He's so grumpy though! :lol: He never comes out during the day (But then again, neither do I  ) I haven't had him long enough to feel safe taking him outside, but I'll try to get a good picture of him during the day, hopefully borrowing someone else's higher quality camera.


----------



## MissC

Unless Fort Mac's weather has changed a whole lot in recent years, I wouldn't recommend taking your hedgie outside for more than a minute or two...and remember the ground is something like 10 degrees colder than the air temp...or something like that...can you just take a pic next to a window?


----------



## Titus

Yeah, it's a little chilly outside the past few days (at least for a hedgie, anyways), sorta-almost-snow and stuff. :lol:

I actually just tried to take a picture/video of him near the window, but I had to hold him, since there's stuff piled over there, and he would _not_ hold still. He was trying to climb over my hand, and I was afraid he would jump.


----------



## Aleksia

Thanks to everyone for your replies. I want to let you all know that I will reply to them, but it might take me a little while because I just got hit hard with a bad cold. Going to get some medicine soon today. Getting some day-time stuff, hoping it makes it tolerable enough so that I don't have to take the drowsy stuff and sleep through the whole thing the entire time.

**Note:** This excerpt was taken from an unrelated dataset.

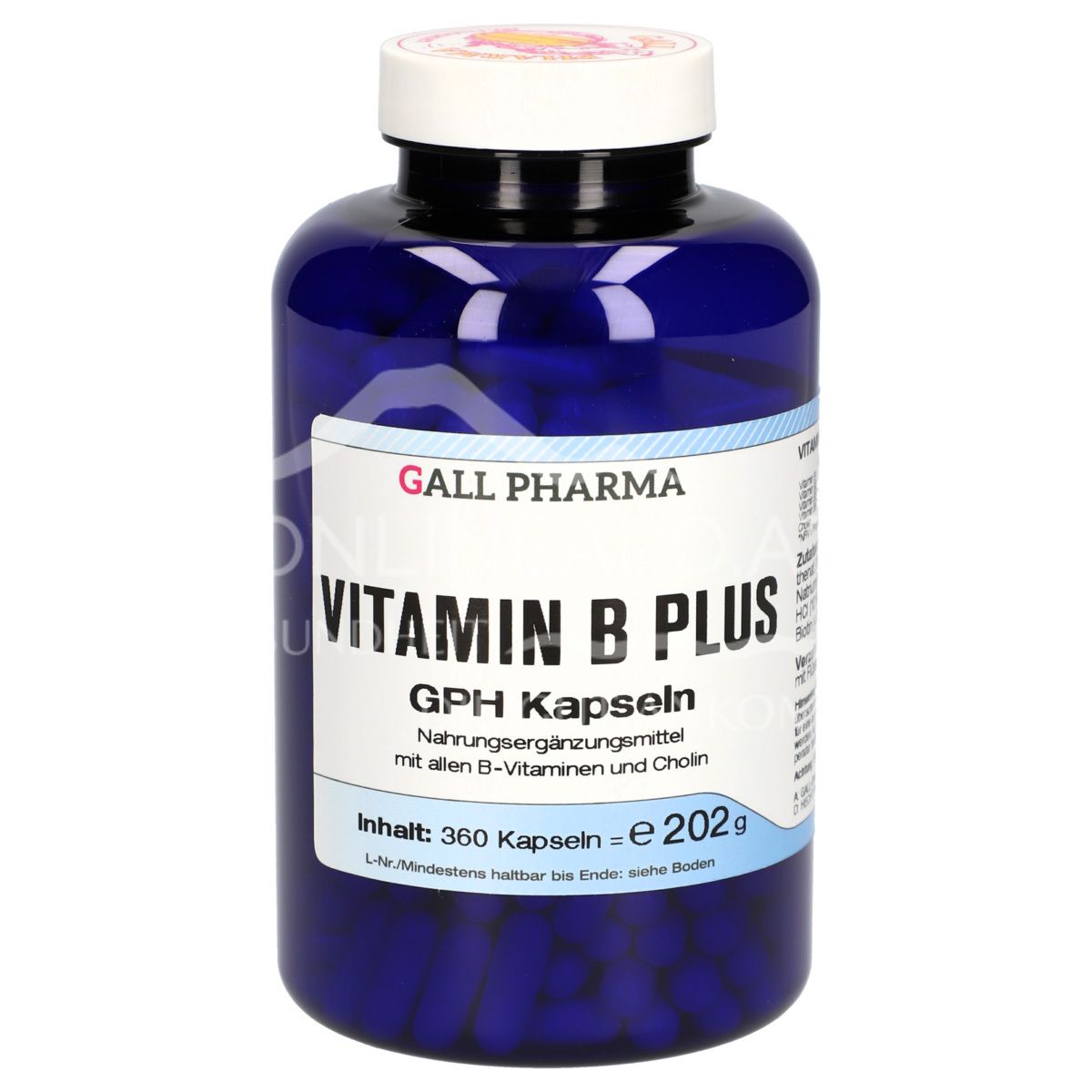 Die B-Vitamine sind wasserlösliche Vitamine und können nicht im Körper gespeichert werden. Das heißt, sie müssen regelmäßig über die Nahrung zugeführt werden. In Vitamin B Plus GPH Kapseln ist Thiamin (Vitamin B1), Riboflavin (Vitamin B2), Niacin (Vitamin B3), Pantothensäure (Vitamin B5), Pyridoxin (Vitamin B6), Biotin (Vitamin B7), Folsäure (Vitamin B9) und Cobalamin (Vitamin B12) enhalten. Zusätzlich ist Cholin enthalten, dies ist für eine funktionierende Reizweiterleitung von Nerven zu Muskeln wichtig und spielt auch für die Leber- und Gehirnfunktion eine wesentliche Rolle.
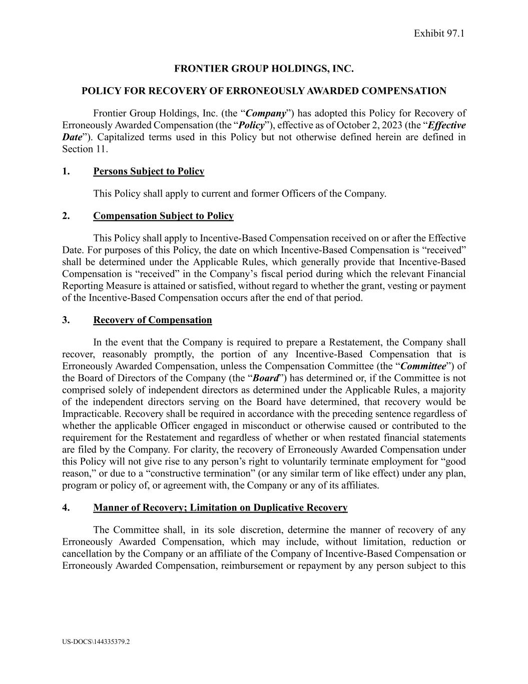 US-DOCS\144335379.2 FRONTIER GROUP HOLDINGS, INC. POLICY FOR RECOVERY OF ERRONEOUSLY AWARDED COMPENSATION Frontier Group Holdings, Inc. (the “Company”) has adopted this Policy for Recovery of Erroneously Awarded Compensation (the “Policy”), effective as of October 2, 2023 (the “Effective Date”). Capitalized terms used in this Policy but not otherwise defined herein are defined in Section 11. 1. Persons Subject to Policy This Policy shall apply to current and former Officers of the Company. 2. Compensation Subject to Policy This Policy shall apply to Incentive-Based Compensation received on or after the Effective Date. For purposes of this Policy, the date on which Incentive-Based Compensation is “received” shall be determined under the Applicable Rules, which generally provide that Incentive-Based Compensation is “received” in the Company’s fiscal period during which the relevant Financial Reporting Measure is attained or satisfied, without regard to whether the grant, vesting or payment of the Incentive-Based Compensation occurs after the end of that period. 3. Recovery of Compensation In the event that the Company is required to prepare a Restatement, the Company shall recover, reasonably promptly, the portion of any Incentive-Based Compensation that is Erroneously Awarded Compensation, unless the Compensation Committee (the “Committee”) of the Board of Directors of the Company (the “Board”) has determined or, if the Committee is not comprised solely of independent directors as determined under the Applicable Rules, a majority of the independent directors serving on the Board have determined, that recovery would be Impracticable. Recovery shall be required in accordance with the preceding sentence regardless of whether the applicable Officer engaged in misconduct or otherwise caused or contributed to the requirement for the Restatement and regardless of whether or when restated financial statements are filed by the Company. For clarity, the recovery of Erroneously Awarded Compensation under this Policy will not give rise to any person’s right to voluntarily terminate employment for “good reason,” or due to a “constructive termination” (or any similar term of like effect) under any plan, program or policy of, or agreement with, the Company or any of its affiliates. 4. Manner of Recovery; Limitation on Duplicative Recovery The Committee shall, in its sole discretion, determine the manner of recovery of any Erroneously Awarded Compensation, which may include, without limitation, reduction or cancellation by the Company or an affiliate of the Company of Incentive-Based Compensation or Erroneously Awarded Compensation, reimbursement or repayment by any person subject to this Exhibit 97.1

Thanks again. I read all of the replies before the cold got even worse, and am looking forward to responding to everyone's comments.


----------



## cylaura

I know this thread has gotten a little away from hedgie prices, but, just in case you want to know: Liam cost me $225. The breeder I got him from based her prices partly on color and partly on temperament. Since he was going to be my first hedgie, I picked my guy because he had the highest rating on her temperament scale - and also because he was really cute!  The rest of the hedgies she had seemed to range in price from $150-$275. I ended up finding a breeder and available hedgie very quickly, so I didn't check out other people's prices, but now I have done some more research on breeders in my area (north carolina), and that price range seems pretty standard. Hope this helps!


----------



## Aleksia

*Titus*, it's a bit sad for exotic animals to be sold in pet stores where those working there have no idea what to tell people as far as taking care of them goes. Maybe it's just a job to them and they don't care. Though I don't know how you end up working at a pet store if you don't care enough to be well-informed and give good information to customers. But if I worked at one, I'd at least do research on the animals there so that I was able to give people the best information possible. 
But, at least there is the internet. And some people are willing and caring enough to search there to find answers. Even if a pet store gives you answers, I'd still do that just in case of them being wrong. Knowing that they're nocturnal is such a small piece of information that is very relevant to their care. I am glad that you are a member of forums and are accessing the information you need.


----------



## Aleksia

Immortalia said:


> Haha no problem.
> 
> True blacks tend to mean both the Algerian black, as well as salt and pepper. Both are considered "blacks" of the colour patterns. At least that's from what I've read, so I may be wrong. Here's the thread with the link to the uk breeder. http://hedgehogcentral.com/forums/v...ian+black+salt&amp;pepper+uk+breeder&start=10


Thank you. Of course, that seems to make sense. I went to the thread and tried the link, but the link does not work now. Or, it does not lead to the website. But thank you anyway.



Immortalia said:


> The user name is basically my online gaming name lol. It's just a name I've used for years.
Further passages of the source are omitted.